Return the lines of the listing below exactly as they appear, beginning at the one with "從圖片中我們可以看到該網站域" and stopping after the one with "- Locate your"; do not include pictures.

▶ **EXERCISE MATERIALS**
-- -- --
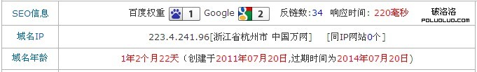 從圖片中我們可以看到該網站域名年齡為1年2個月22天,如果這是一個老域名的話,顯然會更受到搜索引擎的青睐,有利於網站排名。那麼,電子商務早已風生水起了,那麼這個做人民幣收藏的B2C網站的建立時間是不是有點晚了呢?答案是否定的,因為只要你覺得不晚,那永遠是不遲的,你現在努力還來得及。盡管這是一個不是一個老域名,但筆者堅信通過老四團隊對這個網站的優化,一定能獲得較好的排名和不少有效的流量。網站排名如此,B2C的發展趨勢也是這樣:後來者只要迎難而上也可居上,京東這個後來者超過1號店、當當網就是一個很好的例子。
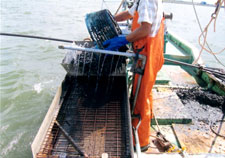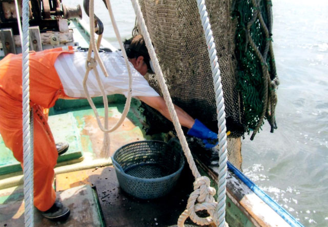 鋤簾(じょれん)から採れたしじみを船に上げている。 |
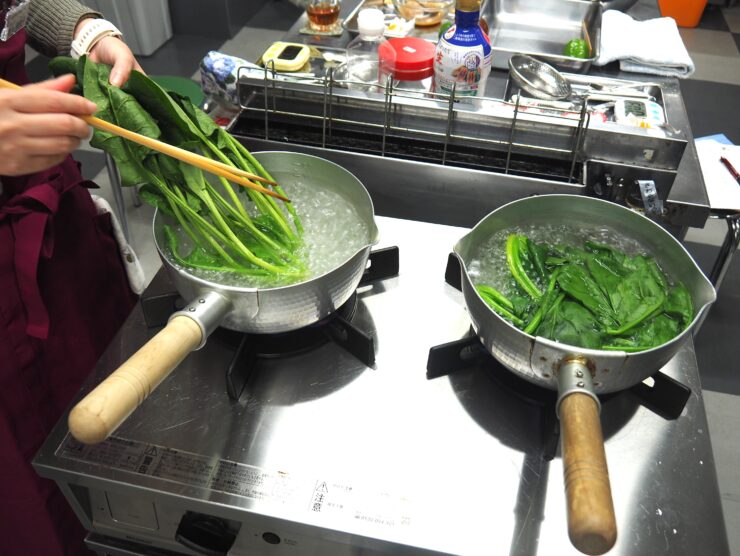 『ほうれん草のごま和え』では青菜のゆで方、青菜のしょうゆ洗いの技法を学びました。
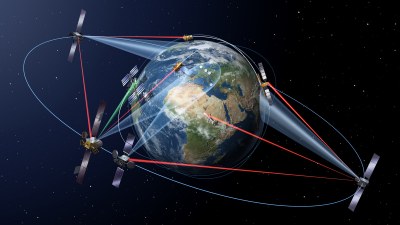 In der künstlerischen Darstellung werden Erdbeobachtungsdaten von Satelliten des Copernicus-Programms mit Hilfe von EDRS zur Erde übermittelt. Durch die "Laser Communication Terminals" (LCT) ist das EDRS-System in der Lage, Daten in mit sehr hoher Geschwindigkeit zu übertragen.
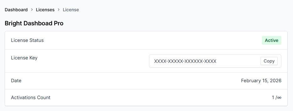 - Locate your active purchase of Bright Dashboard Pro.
-- -- --
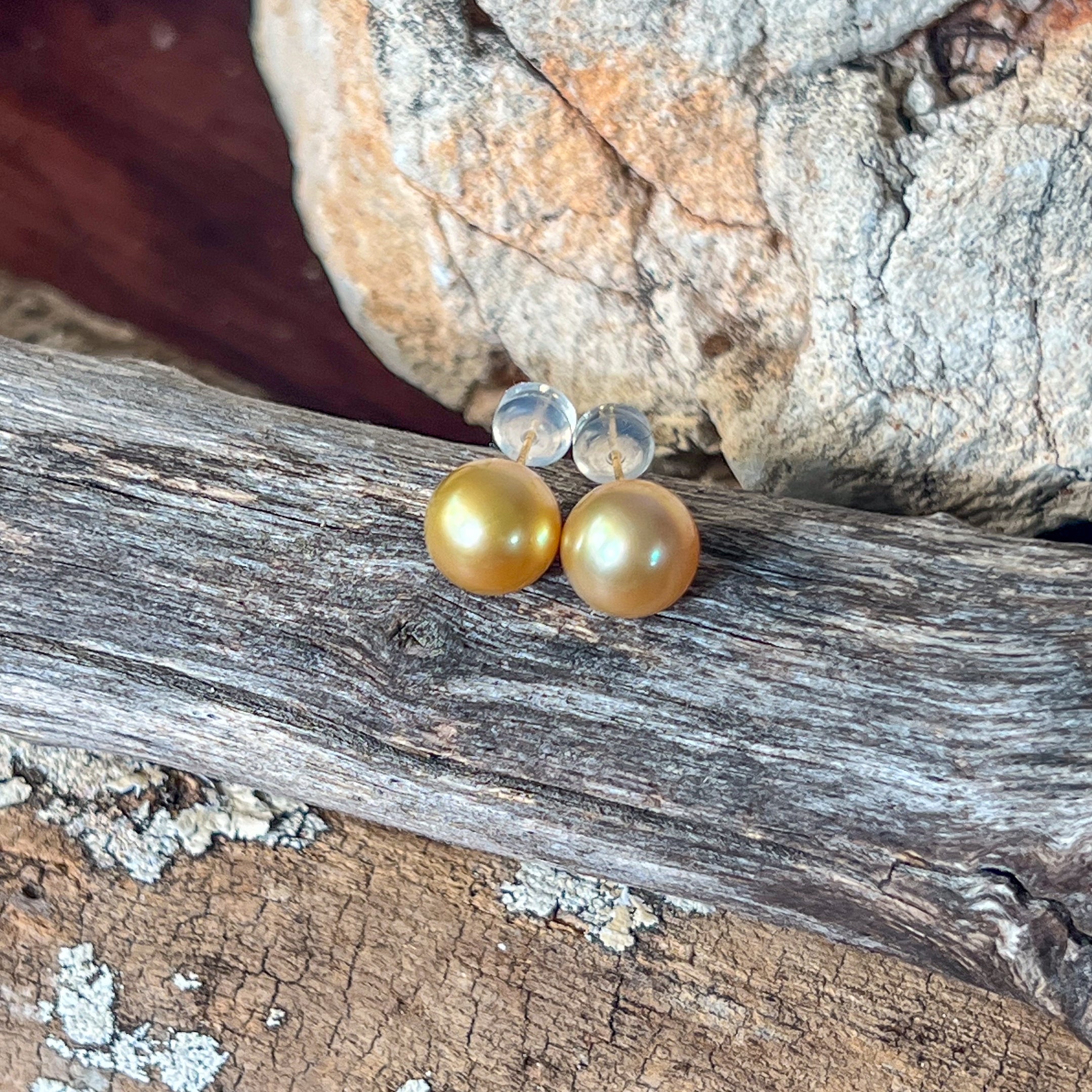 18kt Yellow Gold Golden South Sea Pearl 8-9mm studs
-- -- --
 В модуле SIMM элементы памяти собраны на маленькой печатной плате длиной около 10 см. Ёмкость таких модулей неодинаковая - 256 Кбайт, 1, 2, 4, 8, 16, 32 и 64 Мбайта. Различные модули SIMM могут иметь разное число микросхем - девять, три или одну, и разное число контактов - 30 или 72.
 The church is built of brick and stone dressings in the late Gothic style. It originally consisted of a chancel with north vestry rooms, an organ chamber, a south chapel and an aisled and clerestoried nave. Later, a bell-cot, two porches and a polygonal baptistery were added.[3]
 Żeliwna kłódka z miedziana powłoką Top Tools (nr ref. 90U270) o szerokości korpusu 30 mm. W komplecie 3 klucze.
-- -- --
▶ **PROBLEM SOLUTION**
 從圖片中我們可以看到該網站域名年齡為1年2個月22天,如果這是一個老域名的話,顯然會更受到搜索引擎的青睐,有利於網站排名。那麼,電子商務早已風生水起了,那麼這個做人民幣收藏的B2C網站的建立時間是不是有點晚了呢?答案是否定的,因為只要你覺得不晚,那永遠是不遲的,你現在努力還來得及。盡管這是一個不是一個老域名,但筆者堅信通過老四團隊對這個網站的優化,一定能獲得較好的排名和不少有效的流量。網站排名如此,B2C的發展趨勢也是這樣:後來者只要迎難而上也可居上,京東這個後來者超過1號店、當當網就是一個很好的例子。
 鋤簾(じょれん)から採れたしじみを船に上げている。 |
 『ほうれん草のごま和え』では青菜のゆで方、青菜のしょうゆ洗いの技法を学びました。
 In der künstlerischen Darstellung werden Erdbeobachtungsdaten von Satelliten des Copernicus-Programms mit Hilfe von EDRS zur Erde übermittelt. Durch die "Laser Communication Terminals" (LCT) ist das EDRS-System in der Lage, Daten in mit sehr hoher Geschwindigkeit zu übertragen.
 - Locate your active purchase of Bright Dashboard Pro.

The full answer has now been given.